Releases: varad-more/inference-engine-benchmark-system
Releases · varad-more/inference-engine-benchmark-system
v1.0.0 — Production Release
v1.0.0 — Production Release
First production release of the vLLM vs SGLang benchmark harness. The v0.1.0-beta results set (5 models, single GPU class) is now superseded by a fully validated matrix: 16 models, 10 scenarios, 4 dedicated extended phases, and ~530 result files at 100 % success rate on AWS A10G 24 GB.
Highlights
- Benchmark matrix is complete. 14-model core baseline + 2 Gemma 4 models, each run across 5 core scenarios on both engines, plus speculative decoding (Ngram + Eagle3), variance, concurrency-64, and a decode-length sweep.
- Four new figures regenerate from saved result files — no hand-drawn charts.

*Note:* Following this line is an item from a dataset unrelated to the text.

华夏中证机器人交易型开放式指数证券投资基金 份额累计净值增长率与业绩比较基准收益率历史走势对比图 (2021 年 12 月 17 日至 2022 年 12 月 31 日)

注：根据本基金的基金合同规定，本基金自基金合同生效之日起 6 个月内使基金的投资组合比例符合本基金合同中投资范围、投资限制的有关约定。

- CI is green and enforced.
ruff check,ruff format --check,mypy(24 source files),pytest(89 tests),python -m build,twine check. - README reflects reality. No broken script references, no stale dates, no out-of-date module lists, no phantom follow-ups.

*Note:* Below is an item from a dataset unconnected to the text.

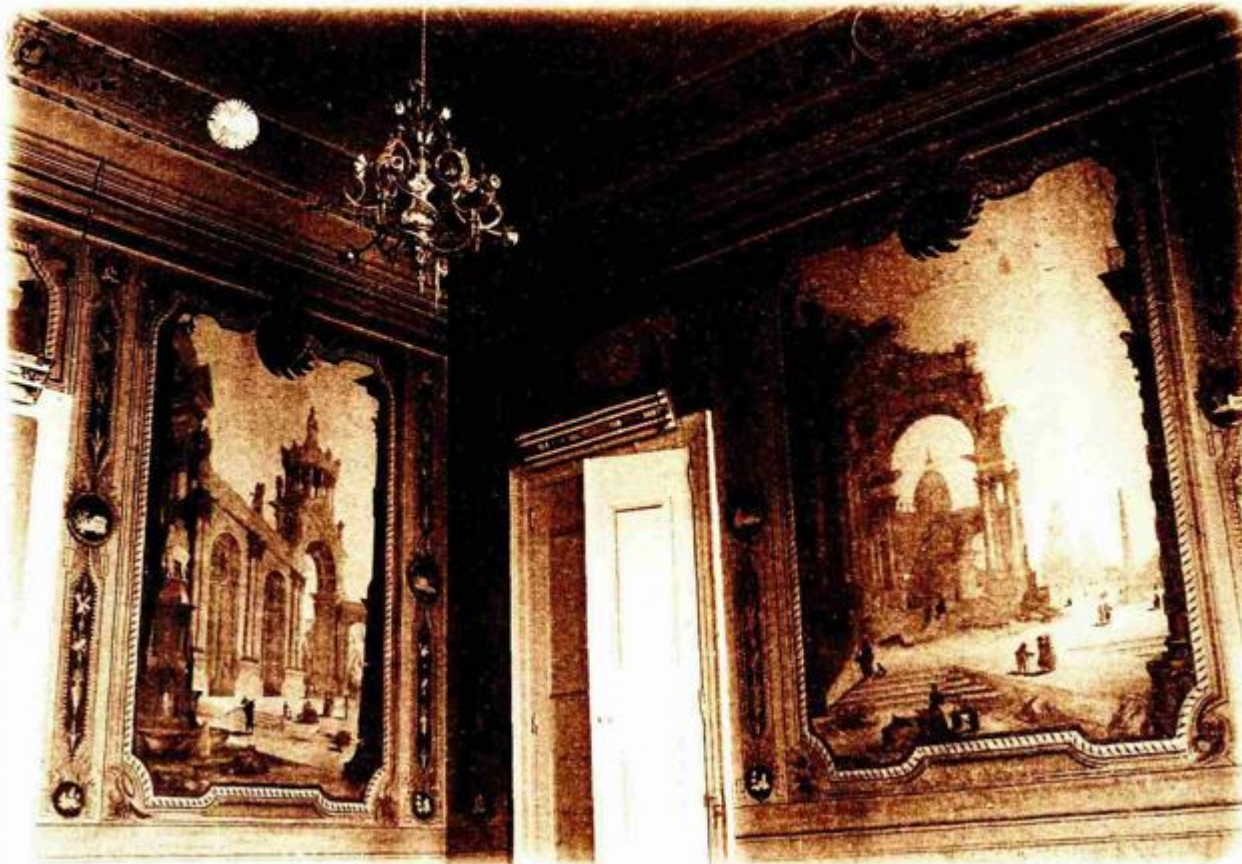
Izgradnja Palače rafinerije šećera započela je 1752. godine.

odnosno otkada je Grad postao vlasnikom kompleksa. Tijekom vremena pojavilo se nekoliko prijedloga revitalizacije, riječki kulturnjaci predlagali su da kompleks postane riječki Museum Quartier, napravljen je i projekt novog Muzeja moderne i suvremene umjetnosti, koji je trebao nastati prenamjenom i dogradnjom T-objekta unutar kompleksa. Govorilo se i o gradnji hotela u kompleksu, međutim, ništa od toga do danas nije realizirano. Novim sporazumom Ministarstva i Grada namjerava se pripremiti projekt za financiranje iz strukturnih fondova Europske unije i stvoriti preduvjete da se u nekom razumnom roku, a svakako do 2020. godine, cijeli kompleks uredi i da svi objekti (uključujući i hotel koji će se graditi privatnim sredstvima) budu u funkciji. 6 Čini mi se da se tako artikulira želja velike većine Riječana da se vrati život u srce, središte Rijeke. Naime, velikim komercijalnim investicijama Rijeka se disperzirala na zapadni i istočni dio, zanemarujući svoj centar. Do, nadamo se, uspješne i konačne realizacije ne preostaje nam ništa drugo do čitanja monografije i novih izdanja CD ROM-a i WEB-portala o Palači šećerane u Rijeci.

- Dashboard hardened. Version bumped to 1.0.0; in-memory job registry now bounded (
DASHBOARD_MAX_JOBS, default 100) with oldest-terminal eviction instead of unbounded growth.

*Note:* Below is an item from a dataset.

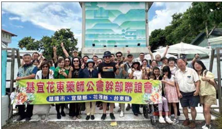
↑基宜花東四縣市於9月7、8日舉辦幹部聯誼。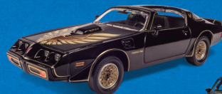
PONTIAC FIREBIRD TRANS AM (1977)

O irmão "popular" e mais poderoso do Camaro.

Validated benchmark snapshot (2026-04-21)
Environment:
- AWS
g5.2xlarge(NVIDIA A10G 24 GB) - vLLM
v0.18.0-cu130, SGLangnightly-dev-cu13-20260321 - 16 models from 2B to 9B,
bfloat16 - Sequential single-GPU execution
- Source of truth:
reports/final_benchmark_report_2026-03-31.md
Headline findings
- vLLM wins TTFT on 13 / 14 core-baseline models (20–60 % lower than SGLang at concurrency 1). Only Gemma 3 4B flips (SGLang faster by 9 ms) because vLLM needs
--enforce-eager. - vLLM wins small-model throughput (≤ 4B): +3–12 % on SmolLM3, Phi-3 mini, Phi-4 mini, Gemma 2 2B.
- Engines converge at 7–9B. Differences < 3 % on Qwen, Mistral, Llama, Granite, DeepSeek-R1 variants.
- Gemma 3 4B is SGLang's strongest case: +77 % peak throughput vs vLLM (149 vs 84 tok/s).
- Structured generation: vLLM wins 12 / 14 models; SGLang wins 2.
- Prefix-sharing TTFT: SGLang wins 10 / 14 — RadixAttention pays off when prefixes are genuinely shared.
- Speculative decoding on A10G: Ngram works on Llama 3.1 8B, Qwen3 8B, and Gemma 4 E4B across both engines. Eagle3 works on Llama 3.1 8B with vLLM only (SGLang + Eagle3 exceeds 24 GB VRAM). Net: spec-dec hurts throughput on A10G; expect a reversal on ≥ 40 GB hardware.
- Goodput (TTFT ≤ 100 ms, TPOT ≤ 35 ms): vLLM leads on small models (SmolLM3 1.06 rps, Gemma 2 2B 1.37 rps). SGLang leads on 7–9B under concurrent load when TTFT dominates.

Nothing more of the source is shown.